The amplification reaction refers to a reaction for amplifying a nucleic acid molecule. The amplification reactions of these genes are well known in the art, and examples thereof include polymerase chain reaction (PCR), reverse transcription polymerase chain reaction (RT-PCR) (LCR), electron mediated amplification (TMA), nucleic acid sequencing substrate amplification (NASBA), and the like.

In the present invention, the term probra refers to a linear oligomer of natural or modified monomers or linkages, and includes deoxyribonucleotides and ribonucleotides and can specifically hybridize to a target nucleotide sequence, and is present naturally. Or artificially synthesized. The probe according to the invention may be single chain, preferably oligodioxyribonucleotides. Probes of the invention can include natural dNMPs (i.e., dAMP, dGMP, dCMP and dTMP), nucleotide analogs or derivatives. In addition, the probe of the present invention may also include a ribonucleotide. For example, the probes of the present invention can be used in combination with a framework-modified nucleotide such as a peptide nucleic acid (PNA) (M. Egholm et al., Nature, 365: 566-568 (1993)), phosphorothioate DNA, phosphorodithioate DNA, phosphoamidate DNA, amide-linked DNA, MMI-linked DNA, 2'-O-methyl RNA, alpha-DNA and methylphosphonate DNA, sugar modified nucleotides such as 2'- 2'-O-alkyl DNA, 2'-O-allyl DNA, 2'-O-alkynyl DNA, hexose DNA, pyranosyl RNA, and anhydrohexy Tolyl DNA, and nucleotides with base modifications such as C-5 substituted pyrimidines wherein the substituents are fluoro, bromo, chloro, iodo-, methyl-, ethyl-, vinyl-, formyl-, 7-deazapurines having C-7 substituents (the substituents being fluoro, bromo, chloro, bromo, chloro, , Iodo-, me -, ethyl-, vinyl-, formyl-, alkynyl -, alkenyl-, quinolyl and quinoxalyl thiazol-, quinolyl and quinoxalyl imidazolidin -, pyridyl-), inosine, and may include a diamino purine.

In addition, the substance that can measure the level of the HDAC2 protein in the present invention may include antibodies such as polyclonal antibodies, monoclonal antibodies and recombinant antibodies that can specifically bind to the HDAC2 protein.

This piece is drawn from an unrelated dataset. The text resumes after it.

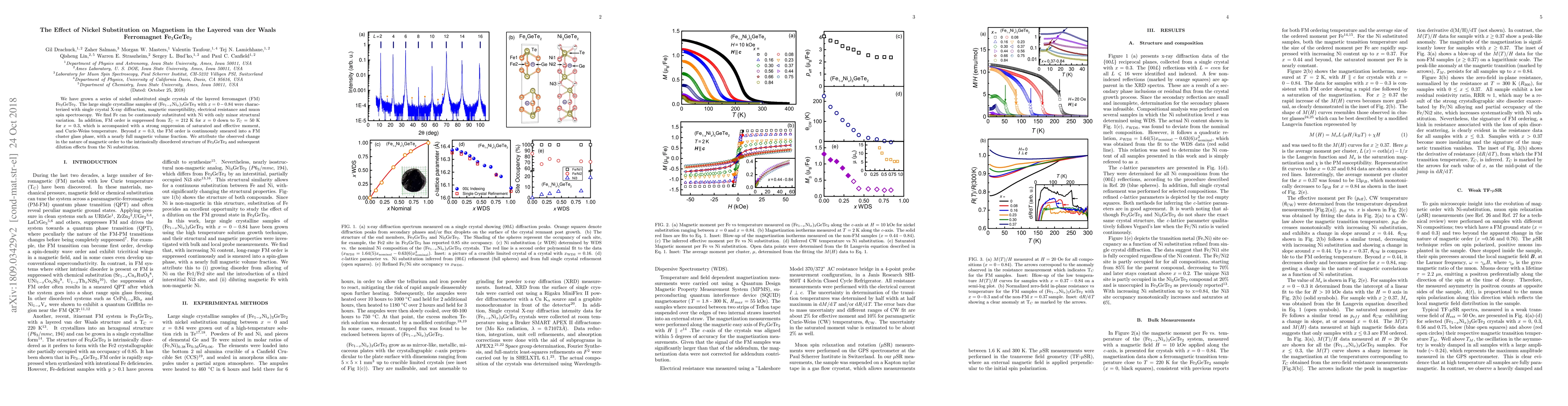 This study investigates the impact of nickel substitution on the magnetism of Fe$_3$GeTe$_2$, finding that Fe can be continuously replaced by Ni with minimal structural changes. The ferromagnetic order diminishes from 212 K to 50 K as Ni concentration increases, transitioning into a ferromagnetic cluster glass phase beyond 0.3 Ni substitution.

In addition, in the present invention, as described above, since HDAC2 protein has been identified as a marker protein for diagnosing gastric cancer, a method for producing an antibody using the protein uses techniques known to those skilled in the art. It can be manufactured easily. For example, in the case of polyclonal antibodies, HDAC2 antigen can be produced by methods well known in the art that inject the animals and collect blood from the animals to obtain serum comprising the antibodies, which polyclonal antibodies are goat, rabbit, sheep. Can be produced from any animal species host such as, monkey, horse, pig, cow, dog, and the like. In the case of monoclonal antibodies, the hybridoma method (Kohler et al., European Jounral of Immunology, 6, 511-519, 1976) to be prepared, or phage antibody libraries using (Clackson et al, Nature, 352 , 624-628, 1991, Marks et al, J. Mol Biol, 222:.. 58 , ≪ / RTI > 1-597, 1991). In addition, the antibodies according to the invention may comprise functional fragments of antibody molecules, as well as complete forms having two full length light chains and two full length heavy chains. A functional fragment of an antibody molecule refers to a fragment having at least an antigen binding function, and includes Fab, F (ab ') 2, F (ab') 2 and Fv.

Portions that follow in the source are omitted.